:: EXERCISE AIM ::
Starting at the first line of the data below, repeat each line word for word up to and including the line with "Location of Pronounced".
===== RECORDED DATA
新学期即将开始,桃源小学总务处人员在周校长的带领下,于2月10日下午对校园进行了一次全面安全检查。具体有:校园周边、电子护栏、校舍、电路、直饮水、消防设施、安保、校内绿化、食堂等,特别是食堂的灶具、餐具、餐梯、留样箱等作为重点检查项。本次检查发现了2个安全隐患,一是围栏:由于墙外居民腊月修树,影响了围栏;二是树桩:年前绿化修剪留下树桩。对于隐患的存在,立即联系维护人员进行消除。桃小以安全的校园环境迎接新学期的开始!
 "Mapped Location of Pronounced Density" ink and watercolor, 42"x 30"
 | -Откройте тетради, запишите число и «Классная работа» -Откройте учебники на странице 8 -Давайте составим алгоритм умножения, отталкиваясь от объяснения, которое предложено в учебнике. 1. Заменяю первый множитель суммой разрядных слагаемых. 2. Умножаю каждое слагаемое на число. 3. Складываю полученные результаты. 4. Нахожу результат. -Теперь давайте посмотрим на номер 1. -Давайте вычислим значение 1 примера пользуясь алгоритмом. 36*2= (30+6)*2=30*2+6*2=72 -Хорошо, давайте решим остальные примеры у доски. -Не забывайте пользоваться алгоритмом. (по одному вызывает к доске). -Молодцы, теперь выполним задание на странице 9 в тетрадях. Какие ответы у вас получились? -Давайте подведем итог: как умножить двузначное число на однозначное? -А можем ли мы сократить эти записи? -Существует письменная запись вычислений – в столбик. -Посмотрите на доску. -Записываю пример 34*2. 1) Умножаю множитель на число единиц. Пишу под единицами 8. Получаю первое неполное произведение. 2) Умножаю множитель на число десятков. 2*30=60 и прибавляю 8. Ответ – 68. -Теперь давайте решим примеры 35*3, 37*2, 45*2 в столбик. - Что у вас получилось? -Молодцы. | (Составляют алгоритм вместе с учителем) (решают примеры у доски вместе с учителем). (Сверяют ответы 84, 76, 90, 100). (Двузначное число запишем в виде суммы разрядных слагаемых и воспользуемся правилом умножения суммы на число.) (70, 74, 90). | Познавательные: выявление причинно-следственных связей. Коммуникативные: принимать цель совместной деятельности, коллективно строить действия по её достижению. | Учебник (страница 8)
==========
:: SOLUTION BELOW ::
新学期即将开始,桃源小学总务处人员在周校长的带领下,于2月10日下午对校园进行了一次全面安全检查。具体有:校园周边、电子护栏、校舍、电路、直饮水、消防设施、安保、校内绿化、食堂等,特别是食堂的灶具、餐具、餐梯、留样箱等作为重点检查项。本次检查发现了2个安全隐患,一是围栏:由于墙外居民腊月修树,影响了围栏;二是树桩:年前绿化修剪留下树桩。对于隐患的存在,立即联系维护人员进行消除。桃小以安全的校园环境迎接新学期的开始!
 "Mapped Location of Pronounced Density" ink and watercolor, 42"x 30"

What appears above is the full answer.